**Exercise data**
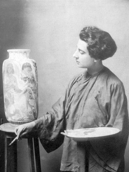 Photography of Louise Janin in 1924
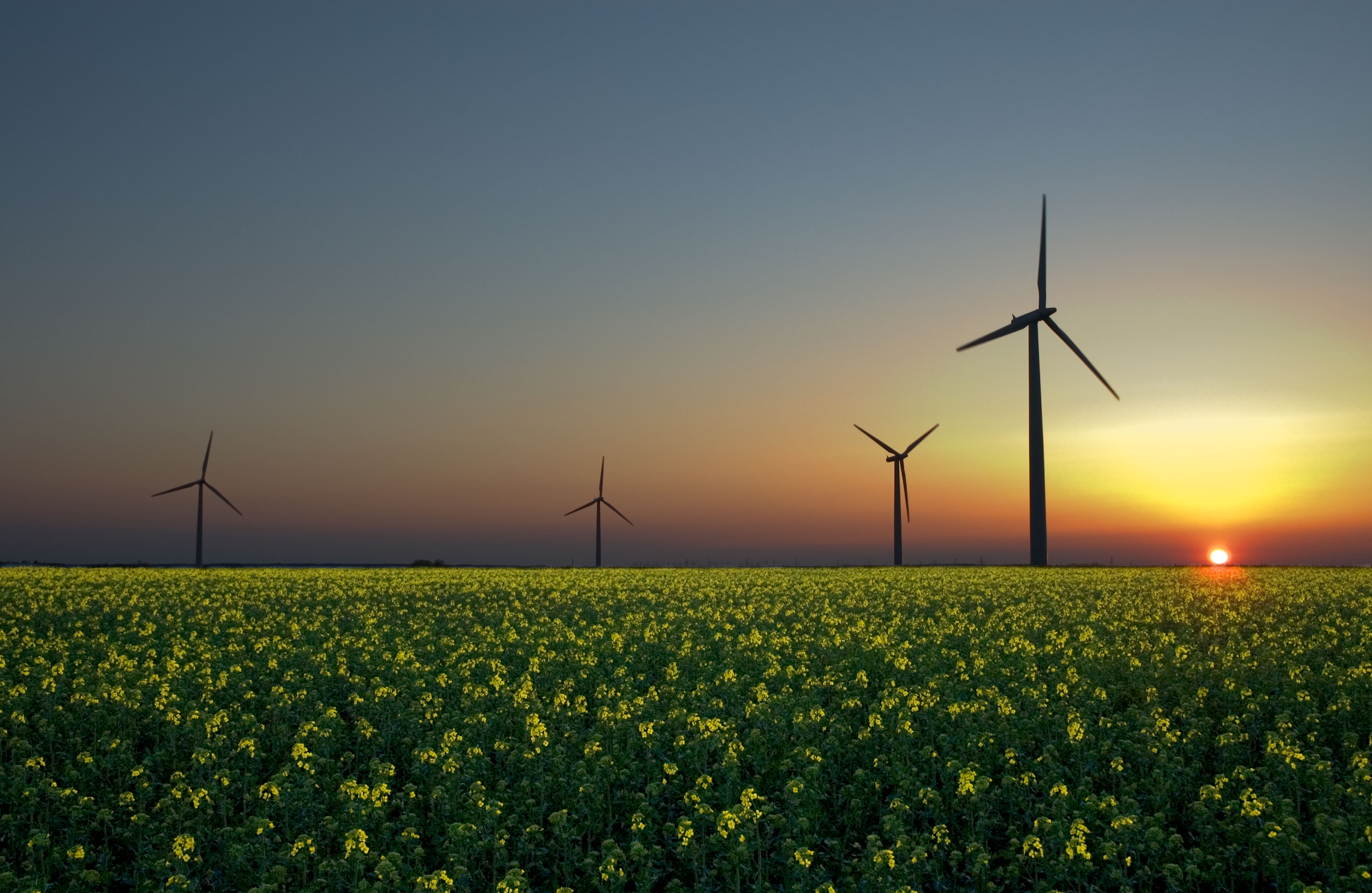 Wind turbines in a rapeseed field in Sandesneben, Germany.
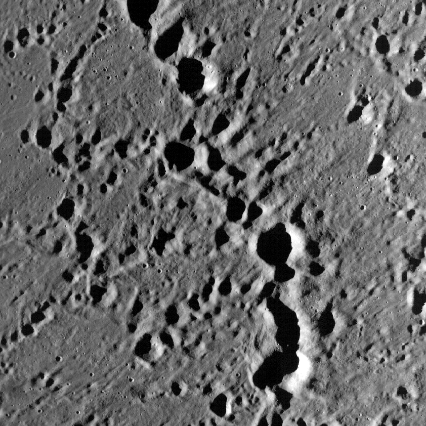 A region on the Moon, covered with secondary craters of a big crater Copernicus (situated behind the lower left corner). The biggest visible craters are named as satellite craters of Stadius: Stadius T, F, S, E, R and P. Photo by Lunar Reconnaissance Orbiter, made with Wide Angle Camera on 8 January 2010 from altitude 39 km. Sun elevation is 9.0°. Width of the photo is 50 km, north is up.
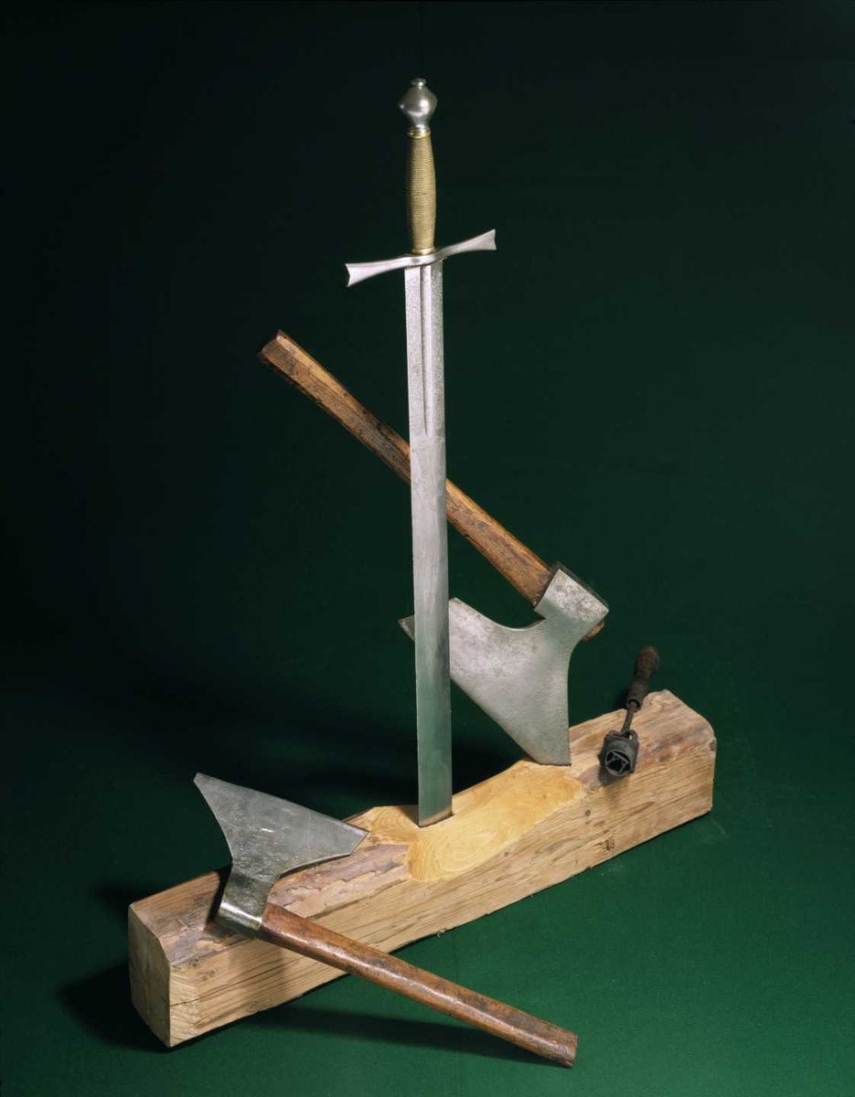 Executioner's sword and axes used by the executioner-family Lædel in Norway.
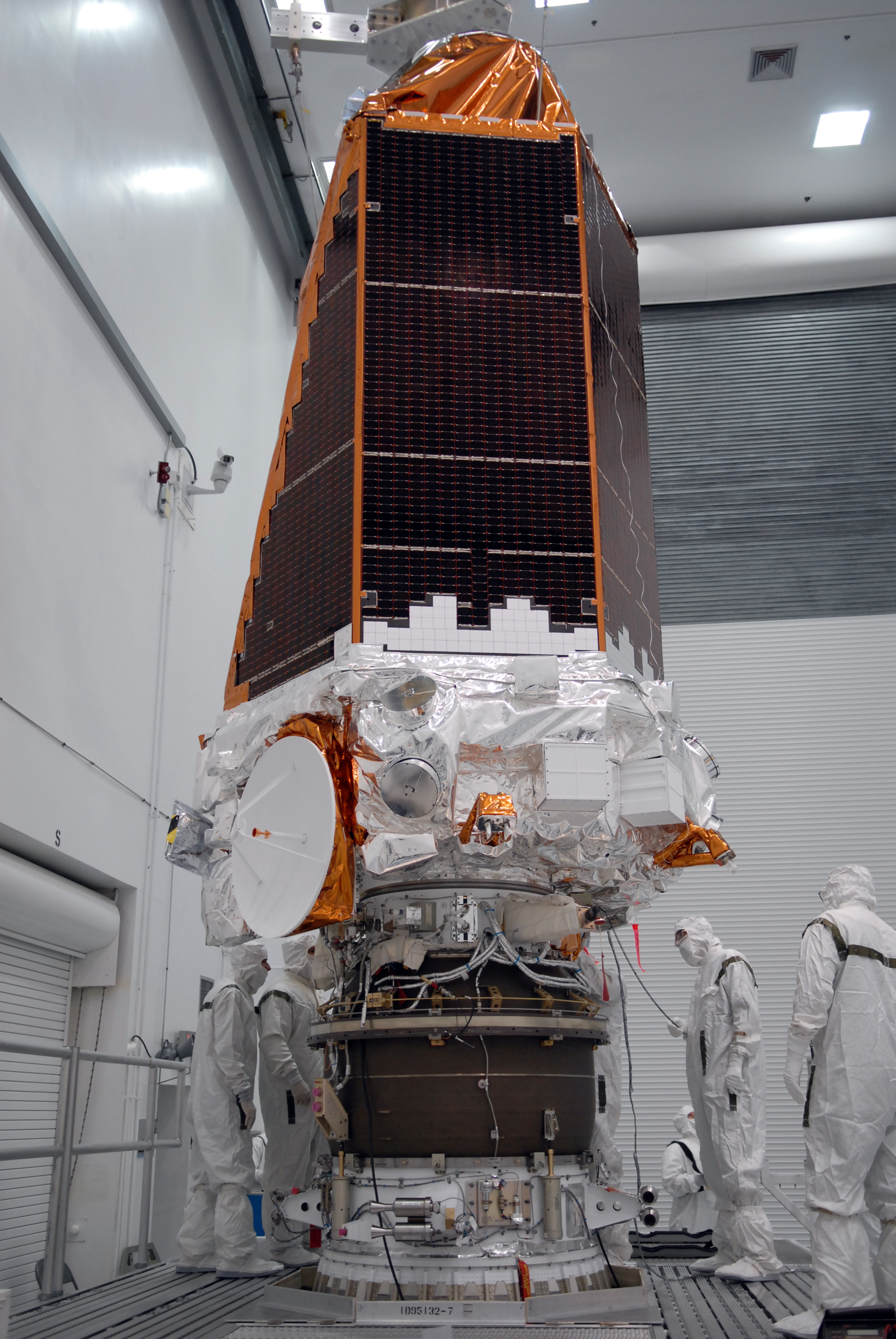 Kepler space telescope shortly after the assembly tho the third stage of its Delta II 7925.
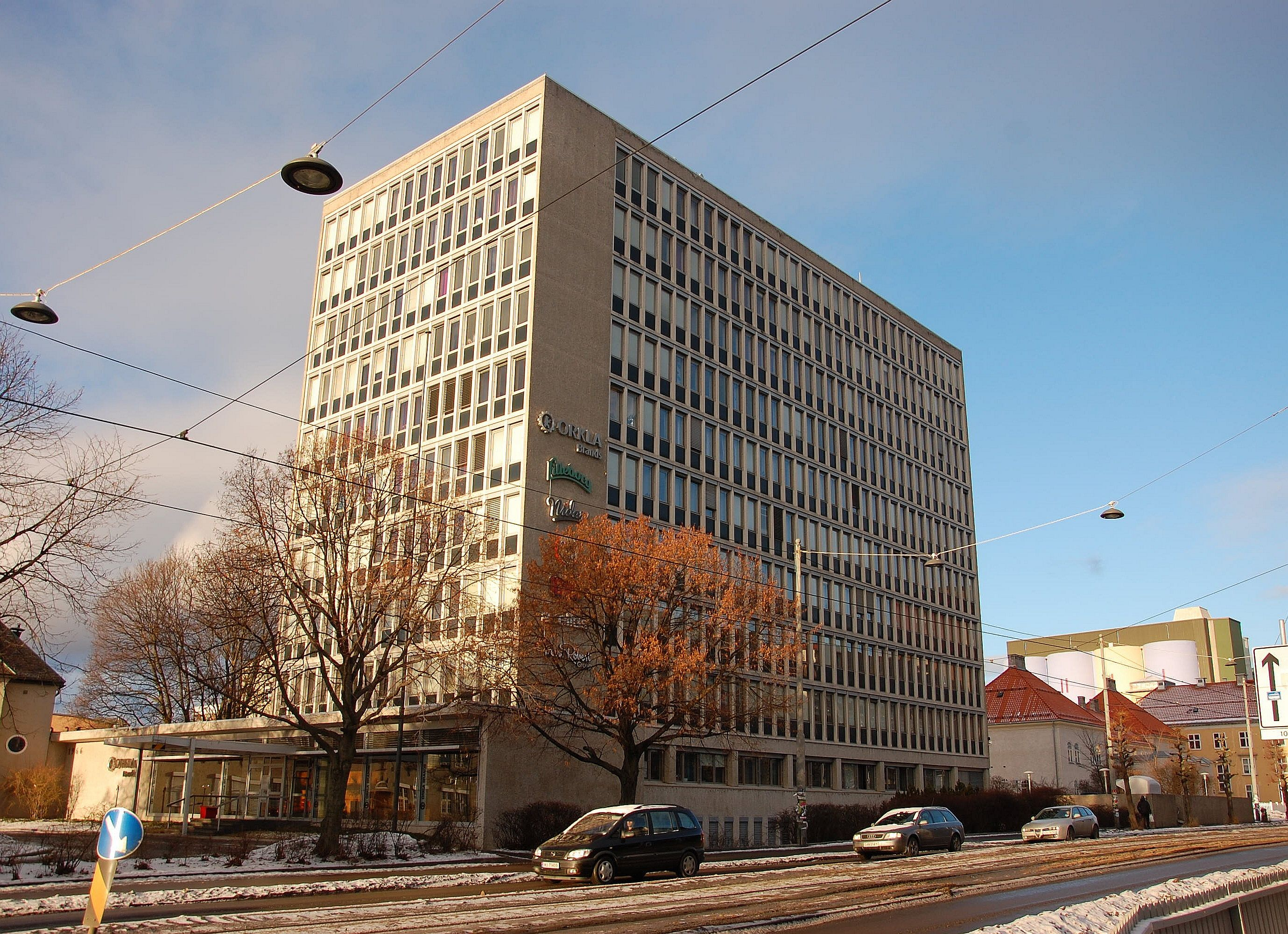 Lilleborg fabrikker, officebuilding in Sandakerveien 54-56 in Oslo. Architects Gudolf Blakstad and Herman Munthe-Kaas.

**What is needed**
Set every record down exactly, omitting pictures.

**Exercise response**
 Photography of Louise Janin in 1924
 Wind turbines in a rapeseed field in Sandesneben, Germany.
 A region on the Moon, covered with secondary craters of a big crater Copernicus (situated behind the lower left corner). The biggest visible craters are named as satellite craters of Stadius: Stadius T, F, S, E, R and P. Photo by Lunar Reconnaissance Orbiter, made with Wide Angle Camera on 8 January 2010 from altitude 39 km. Sun elevation is 9.0°. Width of the photo is 50 km, north is up.
 Executioner's sword and axes used by the executioner-family Lædel in Norway.
 Kepler space telescope shortly after the assembly tho the third stage of its Delta II 7925.
 Lilleborg fabrikker, officebuilding in Sandakerveien 54-56 in Oslo. Architects Gudolf Blakstad and Herman Munthe-Kaas.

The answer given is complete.